What the task asks: A verbatim copy of the data is wanted, minus any picture in it.

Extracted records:
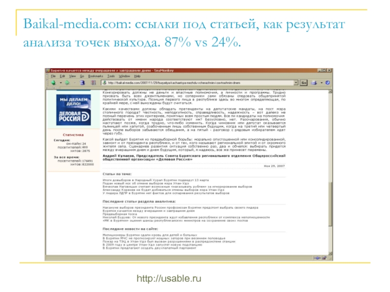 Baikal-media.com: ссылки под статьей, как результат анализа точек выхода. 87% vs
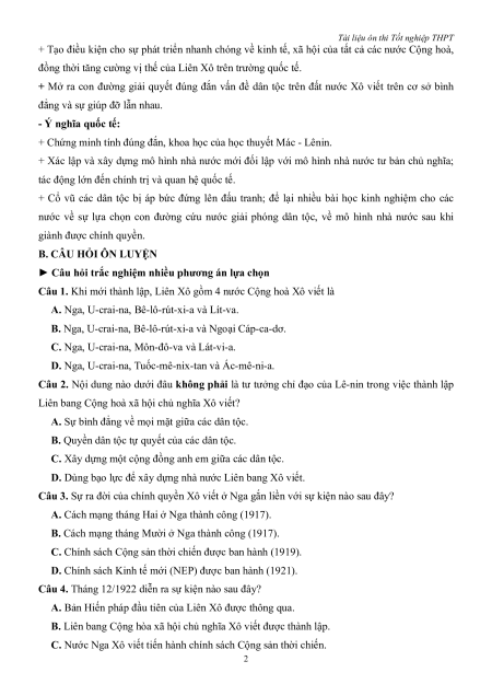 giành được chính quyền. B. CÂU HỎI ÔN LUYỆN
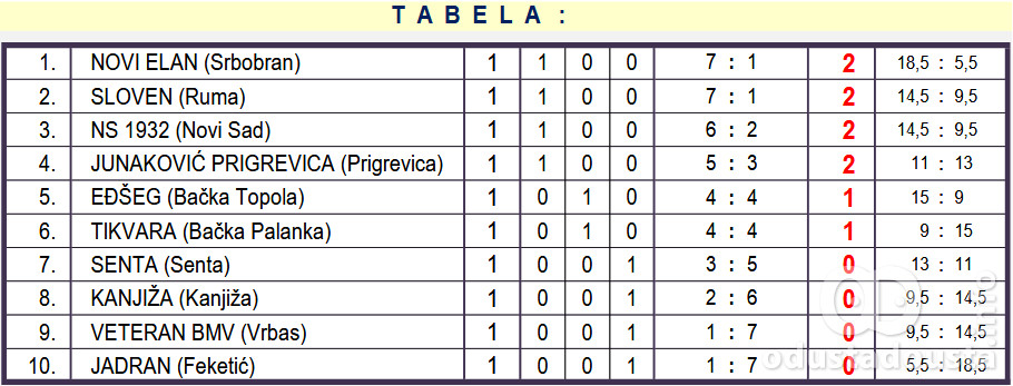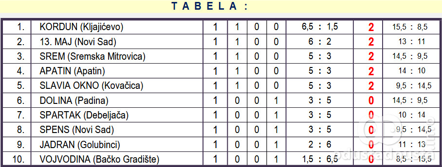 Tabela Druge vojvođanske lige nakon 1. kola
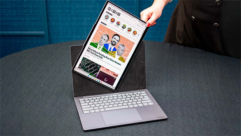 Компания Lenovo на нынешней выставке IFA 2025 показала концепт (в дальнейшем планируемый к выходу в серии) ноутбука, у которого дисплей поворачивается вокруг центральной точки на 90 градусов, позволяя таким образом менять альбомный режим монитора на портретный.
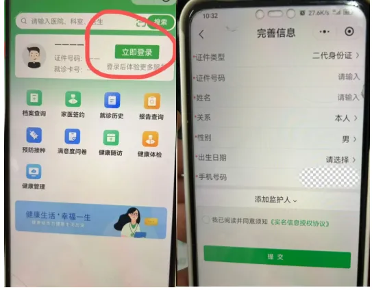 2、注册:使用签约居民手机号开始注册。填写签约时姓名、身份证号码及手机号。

Completed exercise:
 Baikal-media.com: ссылки под статьей, как результат анализа точек выхода. 87% vs
 giành được chính quyền. B. CÂU HỎI ÔN LUYỆN
 Tabela Druge vojvođanske lige nakon 1. kola
 Компания Lenovo на нынешней выставке IFA 2025 показала концепт (в дальнейшем планируемый к выходу в серии) ноутбука, у которого дисплей поворачивается вокруг центральной точки на 90 градусов, позволяя таким образом менять альбомный режим монитора на портретный.
 2、注册:使用签约居民手机号开始注册。填写签约时姓名、身份证号码及手机号。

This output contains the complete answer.